PARIS — Voters from the eight towns in SAD 17 will deliberate and vote on a proposed $36.5 million budget Thursday night. The meeting begins at 7 p.m. in the Forum at the Oxford Hills Comprehensive High School in Paris.
The spending package is 1.2 percent more than this fiscal year but will not increase town assessments.
It must be approved by voters in a two-step process that begins Thursday with the approval of a 17-article warrant and continues next Tuesday, June 9, with a referendum. That second yes-or-no vote will reaffirm the action taken Thursday night.
Voters will only have an opportunity to see the budget numbers and amend them at Thursday night’s meeting.
“Change can only happen Thursday night,” Superintendent Mark Eastman said Tuesday. The budget can be increased or decreased, but Eastman said he will advocate for voters to stick with the Budget Committee’s number obtained after many months of work.
On Friday, school officials will deliver the final voter approved budget numbers to town halls so they can be posted at the polling places. On Tuesday, voters will be able to review the numbers again at their polling places prior to entering the voting booth, Eastman said. There will be no number attached to the ballot question. Because the budget number can change Thursday night, absentee ballots can not be turned in to the town until Friday, the day after voters approve the final number.
Business Manager Cathy Fanjoy said the first 11 articles on the warrant are the total budget.

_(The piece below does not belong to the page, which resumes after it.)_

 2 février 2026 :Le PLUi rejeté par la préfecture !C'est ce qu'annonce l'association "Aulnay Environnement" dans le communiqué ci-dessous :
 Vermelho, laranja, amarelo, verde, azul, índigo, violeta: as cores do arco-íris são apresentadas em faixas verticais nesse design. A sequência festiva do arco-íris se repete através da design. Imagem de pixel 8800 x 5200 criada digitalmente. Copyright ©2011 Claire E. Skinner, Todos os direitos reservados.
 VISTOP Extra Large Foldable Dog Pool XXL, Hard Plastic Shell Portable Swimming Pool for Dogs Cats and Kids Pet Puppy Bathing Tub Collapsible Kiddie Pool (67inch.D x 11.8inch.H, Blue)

They detail the amount of money that will be authorized for various areas, including:
• Regular instruction, $13.7 million.
• Special education, $3.2 million.
• Career and technical education, $3.1 million.
• Transportation and buses, $2.4 million.

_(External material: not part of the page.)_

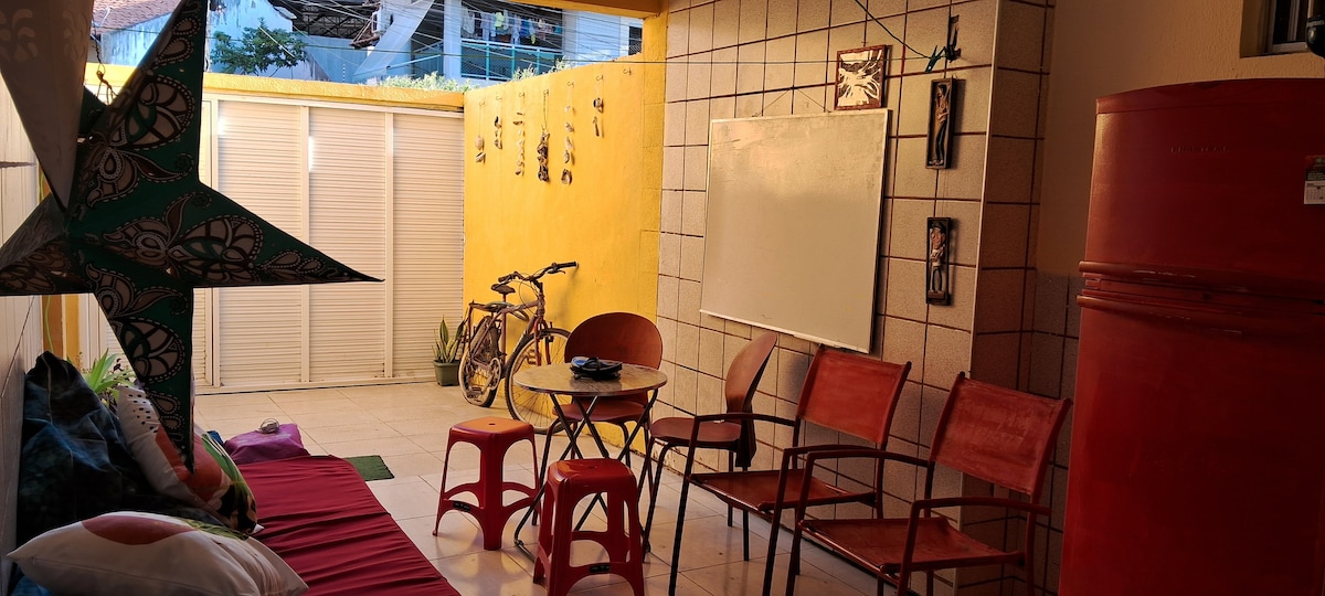 Casa estilosa, com obras de arte, numa vila tranquila e segura a 15min da Praia de Iracema. É um sobrado com 130m², com 2 banheiros, 2 quartos (sendo 1 mezanino grande com cama de casal, banheiro e armário; e 1 quarto), sala, cozinha equipada e terraço - para até 4 pessoas. A Vila Nanan é numa rua sem saída, com portão, câmeras e vigilância. (há descontos para estadias maiores). Espaço inteiro privativo. Festas e eventos não são permitidas.

• School administration, $2.1 million.
• Facilities maintenance, $3.5 million.
The budget includes money for a new teaching position to address a significant increase in second-graders, the addition of a behavioral intervention program at Oxford Elementary School and the expansion of a life-skills program at the Oxford Hills Comprehensive High School.
Budget reductions were made in areas such as staff development and capital improvements to keep local taxpayers’ cost of the budget from increasing.
“We are under EPS (Essential Programs and Services) this year. Spending is less than the model calls for,” Eastman said of the state’s recommended funding formula for student education.
Voters will also be asked to authorize school officials to expend the American Recovery and Reinvestment Act money that was received earlier this year. Because this is the first time voters have had to deal with the stimulus money, Eastman said the school’s attorneys suggested that the process be as open and transparent as possible and therefore the money was made a separate line item.
Voters will also be asked to approve money needed to pay the annual debt service and authorize funding for the technical and career school budget and adult education.